Readers who suffer from OCD themselves say that the representation is very realistic, highlighting the frustration that comes from repeated ritualised behaviours and intrusive thoughts. But The Unlikely Hero Of Room 13B is also a love story, and a very sweet and tender one at that.
5. Highly Illogical Behavior – John Corey Whaley
Warnings: Agoraphobia, panic attacks
Solomon Reed is sixteen years old, and he hasn’t left his house in over three years – not since the day he had an episode at school that had him branded as ‘the crazy kid’. He’s happy with his life, safe from the world that was inducing panic attacks before the incident happened. Lisa Praytor is the only person who seems to remember him, and she plans to befriend Solomon, help him overcome his agoraphobia, and write a paper on the results that will see her into the college of her dreams.
I know what you’re thinking, and you don’t need to be put off by the fact that Lisa thinks she can ‘fix’ Solomon. This is not a story that ‘cures’ Solomon’s agoraphobia; instead, it handles the topic sensitively, and explores how with the right support and acceptance, Solomon can learn to manage his anxiety better than he was. That is a message that we very much need to be sharing.

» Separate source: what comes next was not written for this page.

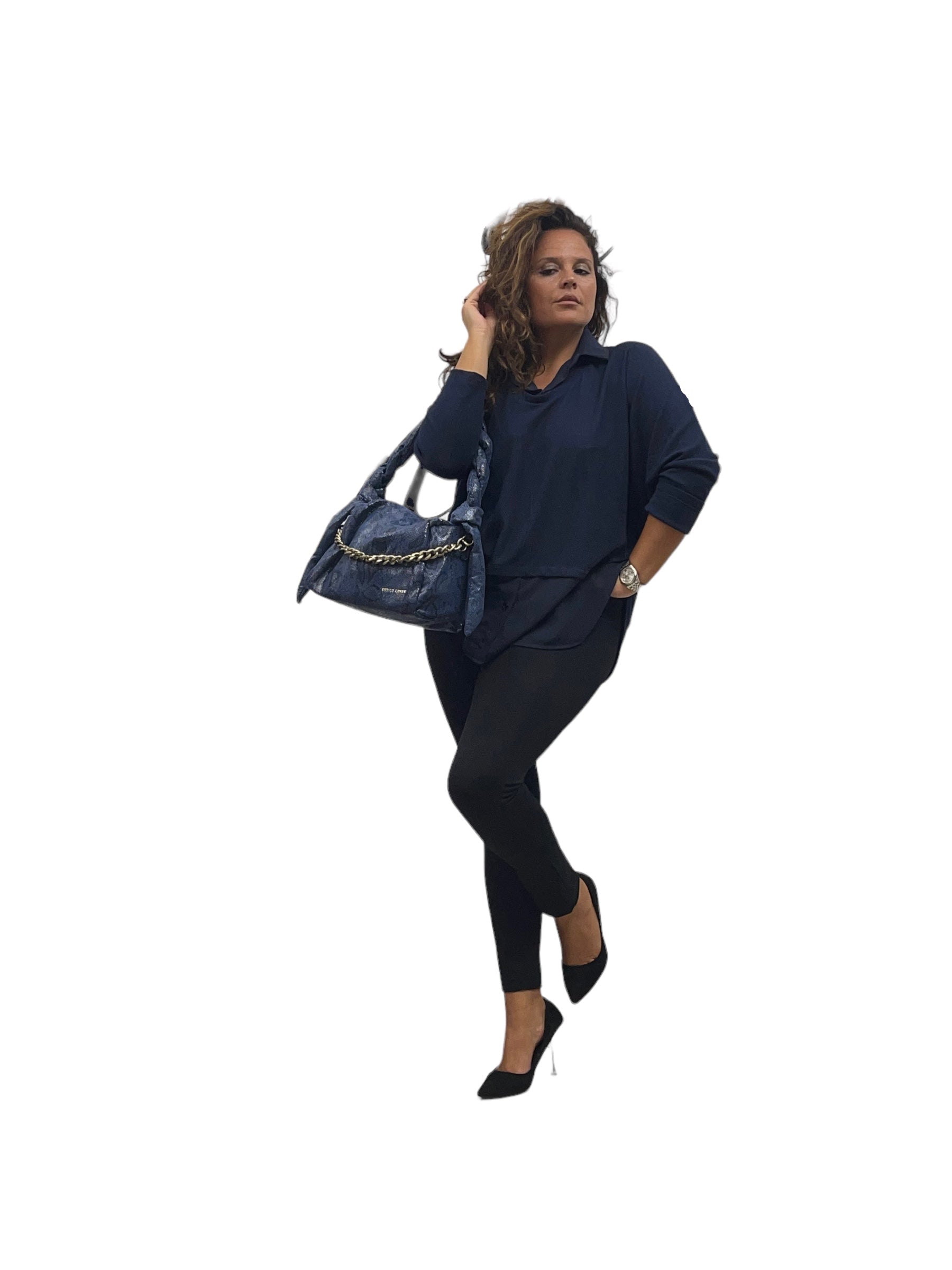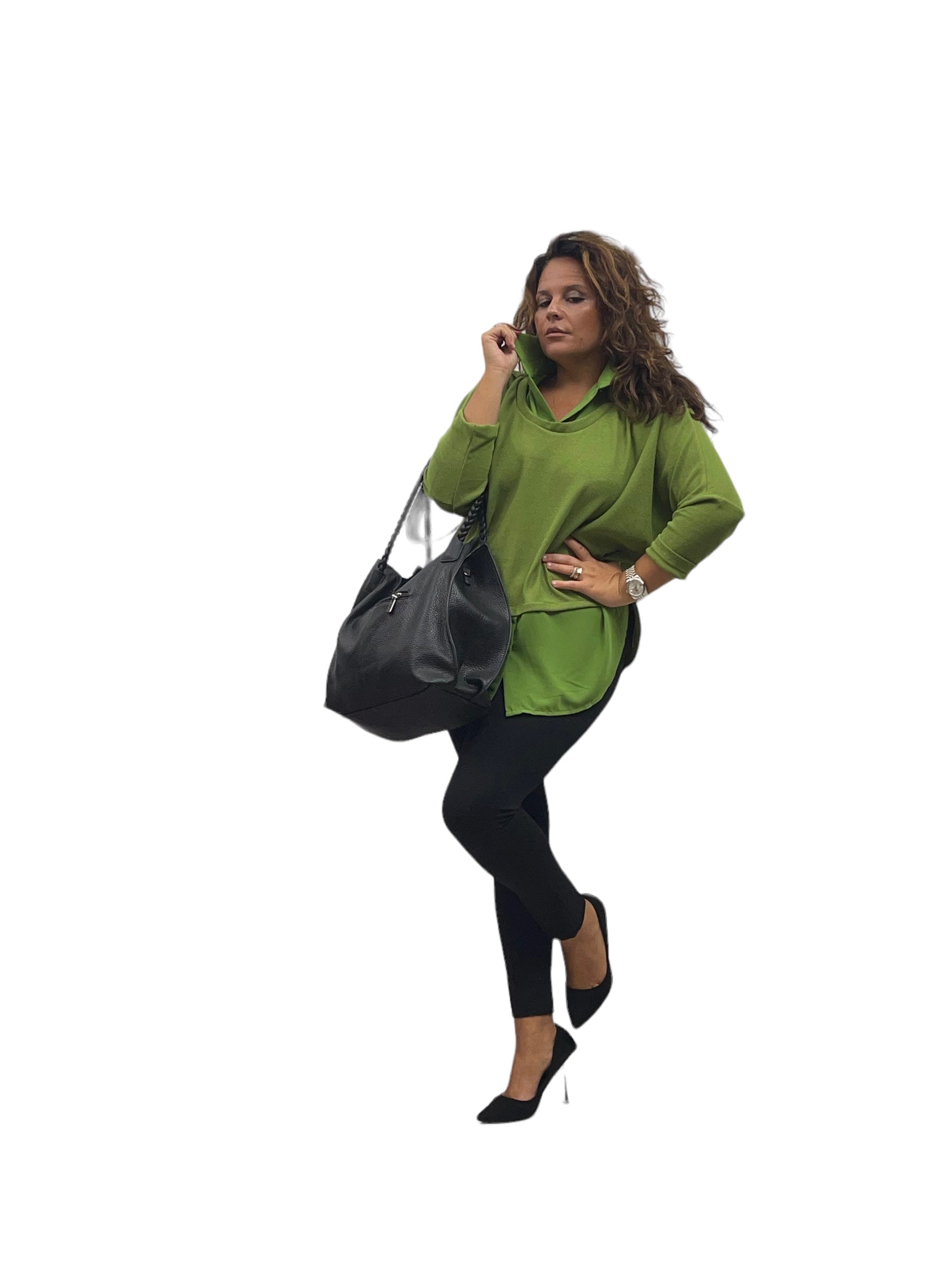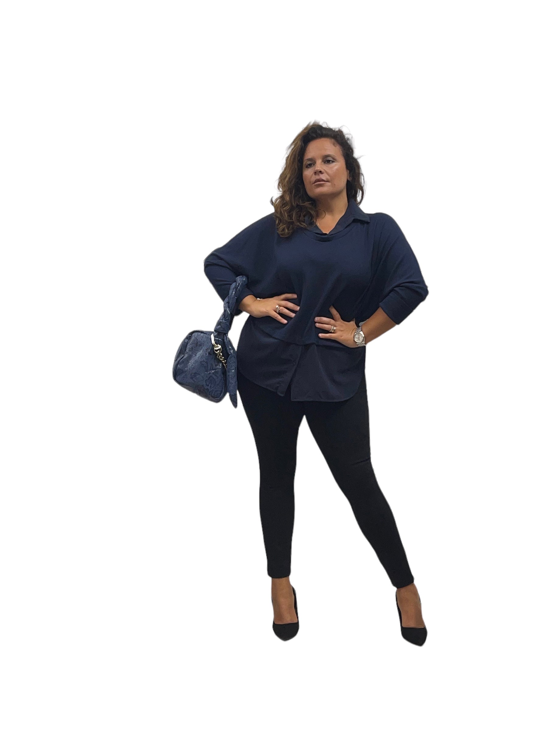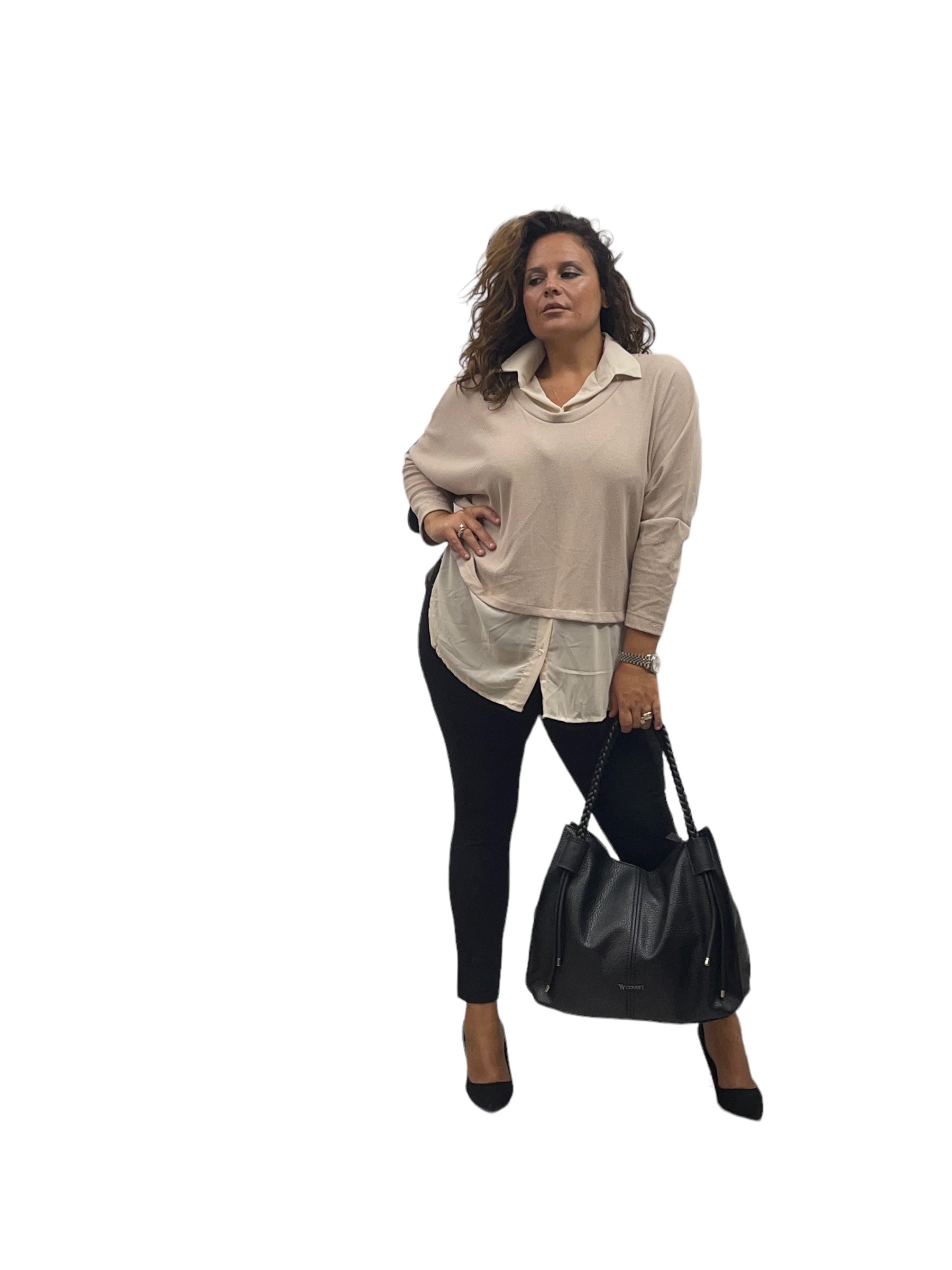 Maglia/twin-set con collo camicia e fascia in georgette

Five young people meet at a month-long summer wilderness therapy camp. As the list of warnings suggest, the five main characters all bring their own mental health problems to the camp, but fans say that all of the conditions are handled sensitively and there is no romanticisation of mental illness. One of the boys is recovering from anorexia, particularly worth noting as there are so few books that cover eating disorders in men in general.
Four Weeks, Five People is a book about recovery, but fully acknowledges that there is no magical fix-all cure for these teens. The camp gives them new experiences, and they all undergo some character growth, but they are not ‘fixed’ by the end of the four weeks. What they have done is find support in one another, and learned that they are not alone, which is perhaps the most important message of all when it comes to mental health.